Utilities associated with offloading functionality provided by `accelerate`.

| ------------------------------------------------------------------------------------------------------ | # noqa: E501
| Operation  | Without offloading support             | With offloading support                          | # noqa: E501
| ---------- | -------------------------------------- | ------------------------------------------------ | # noqa: E501
| Add        | module.register_parameter(name, param) | register_offload_parameter(module, name, param)  | # noqa: E501
| Check      | N/A                                    | has_offloaded_params(module)                     | # noqa: E501
| Onload     | N/A                                    | with align_module_device(module)                 | # noqa: E501
| Update     | module.name.data.copy_(new_data)       | update_offload_parameter(module, name, new_data) | # noqa: E501
| Delete     | del module.name                        | delete_offload_parameter(module, name)           | # noqa: E501
| Add Module | module.register_module(name, child)    | register_offload_module(name, child)             | # noqa: E501
| Del Module | del module.name                        | delete_offload_module(module, name)              | # noqa: E501
| ------------------------------------------------------------------------------------------------------ | # noqa: E501
"""

import contextlib
import warnings
from functools import wraps
from operator import attrgetter
from typing import Any, Callable, Dict, Iterable, Literal, Optional, Tuple, Union

import torch
from compressed_tensors.utils import patch_attr


try:
    from accelerate.hooks import (
        AlignDevicesHook,
        add_hook_to_module,
        attach_align_device_hook,
        named_module_tensors,
        remove_hook_from_module,
    )
    from accelerate.utils import (
        OffloadedWeightsLoader,
        PrefixedDataset,
        find_tied_parameters,
        set_module_tensor_to_device,
    )

    _has_accelerate = True

except ImportError:
    _has_accelerate = False
    AlignDevicesHook = None
    add_hook_to_module = None
    remove_hook_from_module = None
    OffloadedWeightsLoader = None
    PrefixedDataset = None
    set_module_tensor_to_device = None
    named_module_tensors = None
    attach_align_device_hook = None
    find_tied_parameters = None


__all__ = [
    "get_execution_device",
    "get_offloaded_device",
    "update_parameter_data",
    "register_offload_parameter",
    "update_offload_parameter",
    "delete_offload_parameter",
    "has_offloaded_params",
    "disable_hf_hook",
    "disable_offload",
    "align_modules",
    "align_module_device",
    "register_offload_module",
    "delete_offload_module",
    "offloaded_dispatch",
    "disable_offloading",
    "remove_dispatch",
    "cast_to_device",
]


def check_accelerate(fallback: Any):
    def decorator(func: Callable[[Any], Any]):
        if not _has_accelerate:
            if fallback == "error":

                @wraps(func)
                def fallback_fn(*args, **kwargs):
                    raise ValueError(
                        "Please install `accelerate` in order to use this function"
                    )

            else:

                @wraps(func)
                def fallback_fn(*args, **kwargs):
                    return fallback

            return fallback_fn

        return func

    return decorator


""" Candidates for Depreciation """


def get_offloaded_device(module: torch.nn.Module) -> torch.device:
    """
    :param module: module to check
    :return: device module is offloaded to onto after forward pass
    """
    if has_offloaded_params(module):
        first_key = list(module._hf_hook.weights_map.keys())[0]
        prefix_dataset = module._hf_hook.weights_map.dataset
        return prefix_dataset[first_key].device
    else:
        # if the module is not offloaded, then any addded weights
        # should be placed the module's execution device
        return get_execution_device(module)

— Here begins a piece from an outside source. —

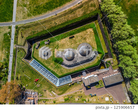 Rotterdam, South Holland, Netherlands - 09.07.2024: Aerial view of historic fort with round domes green grass-covered walls, walking paths, and adjacent buildings surrounded by trees and open parkland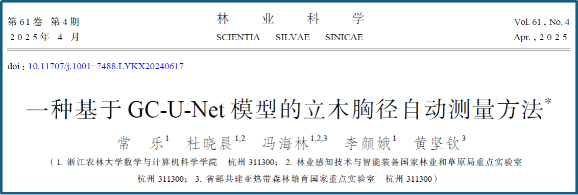 近日,数计学院冯海林教授团队的学术论文“一种基于GC-U-Net模型的立木胸径自动测量方法”一文在《林业科学》2025年第4期以封面论文发表。《林业科学》是林草科技领军期刊,入选中国科技期刊卓越行动计划,也是目前唯一被EI收录的中文林业科技期刊。该论文第一作者为数计学院22级农业信息化研究生常乐,通讯作者为冯海林教授。beat365官方网站数学与计算机科学学院为该论文第一单位和通讯作者单位。

def update_parameter_data(
    module: torch.nn.Module, new_param_data: torch.Tensor, param_name: str
):
    """
    Update the data of an existing parameter and its offload dict. Supports both
    parameters of offloaded modules and non-offloaded modules

    :param module: module containing the parameter to update
    :param new_param_data: tensor to update parameter with
    :param param_name: name of module parameter to update
    """
    update_offload_parameter(module, param_name, new_param_data)


""" Candidates for Upstreaming """


def cast_to_device(device_spec: Union[int, torch.device]) -> torch.device:
    """
    Convert an integer device index or torch.device into a torch.device object.

    :param device_spec: Device index (int) or torch.device object.
                        Negative integers map to CPU.
    :return: torch.device corresponding to the given device specification.
    """
    if isinstance(device_spec, int):
        return torch.device(f"cuda:{device_spec}" if device_spec >= 0 else "cpu")
    return device_spec


def get_execution_device(module: torch.nn.Module) -> torch.device:
    """
    Get the device which inputs should be moved to before module execution.
    Assume that modules execute in the same order as returned by `model.modules()`

    :param module: module to check, may be offloaded
    :return: onload device of module
    """
    for submodule in module.modules():
        if has_offloaded_params(submodule):
            return cast_to_device(submodule._hf_hook.execution_device)

        param = next(submodule.parameters(recurse=False), None)
        if param is not None:
            return param.device

    warnings.warn(f"Unable to get execution device of {module}, falling back to CPU")
    return torch.device("cpu")


def register_offload_parameter(
    module: torch.nn.Module,
    name: str,
    parameter: torch.nn.Parameter,
    offload_device: Optional[Union[torch.device, Literal["disk"]]] = None,
):
    """
    Register a parameter to the given module which may be offloaded

    :param module: maybe offloaded module
    :param name: name of newly registered parameter
    :param parameter: parameter being registered
    :param offload_device: device on which weight will be offloaded to. If None is
        provided, then infer device from parameters on module
    """
    has_onload = any(p.device != torch.device("meta") for p in module.parameters())
    module.register_parameter(name, parameter)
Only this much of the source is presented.